■ **TASK BRIEF**: Your copy should hold only the lines from the one with "In this edition, we" to the one with "2021年1月27日,在陕西", both included, each exactly as it stands below, with no pictures.

■ **RECORDED INFORMATION**:
====

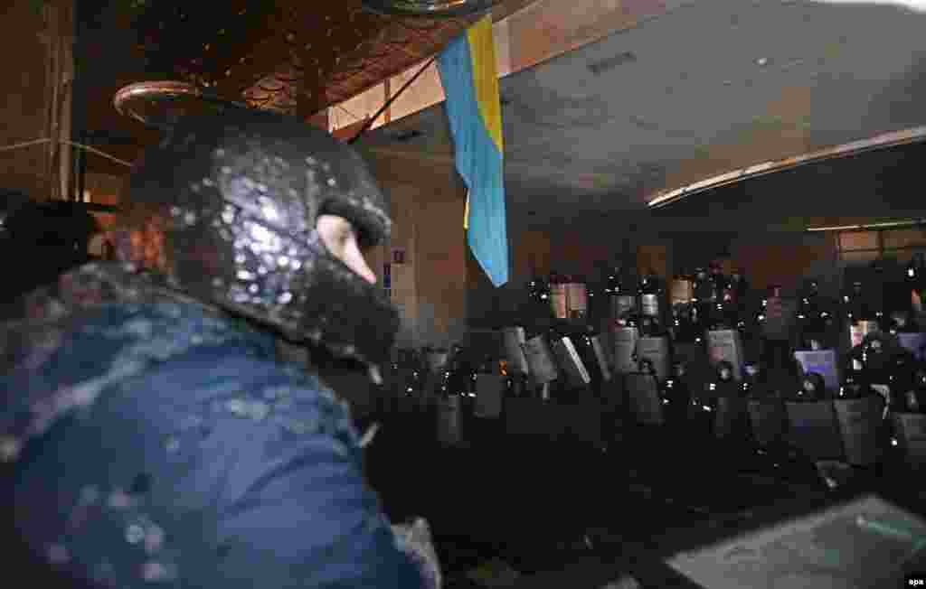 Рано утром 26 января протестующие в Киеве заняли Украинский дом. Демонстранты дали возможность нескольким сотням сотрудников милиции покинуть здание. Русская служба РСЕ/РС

====

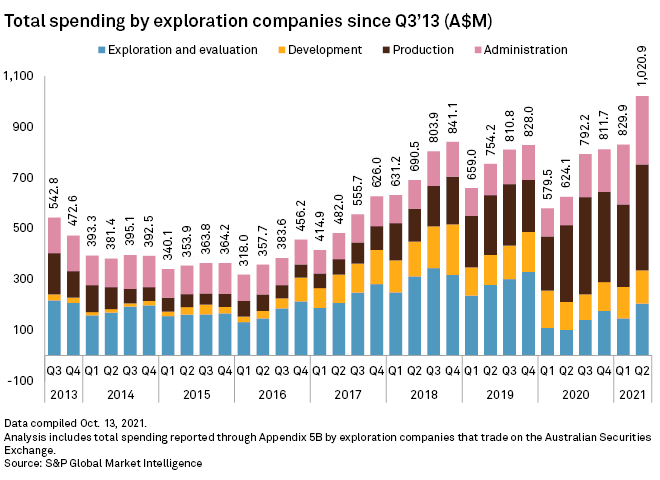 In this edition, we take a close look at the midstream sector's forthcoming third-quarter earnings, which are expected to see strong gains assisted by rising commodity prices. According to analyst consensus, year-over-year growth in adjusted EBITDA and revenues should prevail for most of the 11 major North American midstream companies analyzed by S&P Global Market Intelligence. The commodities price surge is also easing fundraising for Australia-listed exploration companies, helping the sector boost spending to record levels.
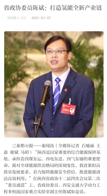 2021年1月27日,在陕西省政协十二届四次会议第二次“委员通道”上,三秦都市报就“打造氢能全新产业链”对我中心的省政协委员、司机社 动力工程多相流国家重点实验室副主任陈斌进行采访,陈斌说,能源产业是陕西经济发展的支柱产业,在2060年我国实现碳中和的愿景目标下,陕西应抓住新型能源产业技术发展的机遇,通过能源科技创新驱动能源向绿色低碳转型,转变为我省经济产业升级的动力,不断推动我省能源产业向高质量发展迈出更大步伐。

====

■ **SOLVED PROBLEM**:
 In this edition, we take a close look at the midstream sector's forthcoming third-quarter earnings, which are expected to see strong gains assisted by rising commodity prices. According to analyst consensus, year-over-year growth in adjusted EBITDA and revenues should prevail for most of the 11 major North American midstream companies analyzed by S&P Global Market Intelligence. The commodities price surge is also easing fundraising for Australia-listed exploration companies, helping the sector boost spending to record levels.
 2021年1月27日,在陕西省政协十二届四次会议第二次“委员通道”上,三秦都市报就“打造氢能全新产业链”对我中心的省政协委员、司机社 动力工程多相流国家重点实验室副主任陈斌进行采访,陈斌说,能源产业是陕西经济发展的支柱产业,在2060年我国实现碳中和的愿景目标下,陕西应抓住新型能源产业技术发展的机遇,通过能源科技创新驱动能源向绿色低碳转型,转变为我省经济产业升级的动力,不断推动我省能源产业向高质量发展迈出更大步伐。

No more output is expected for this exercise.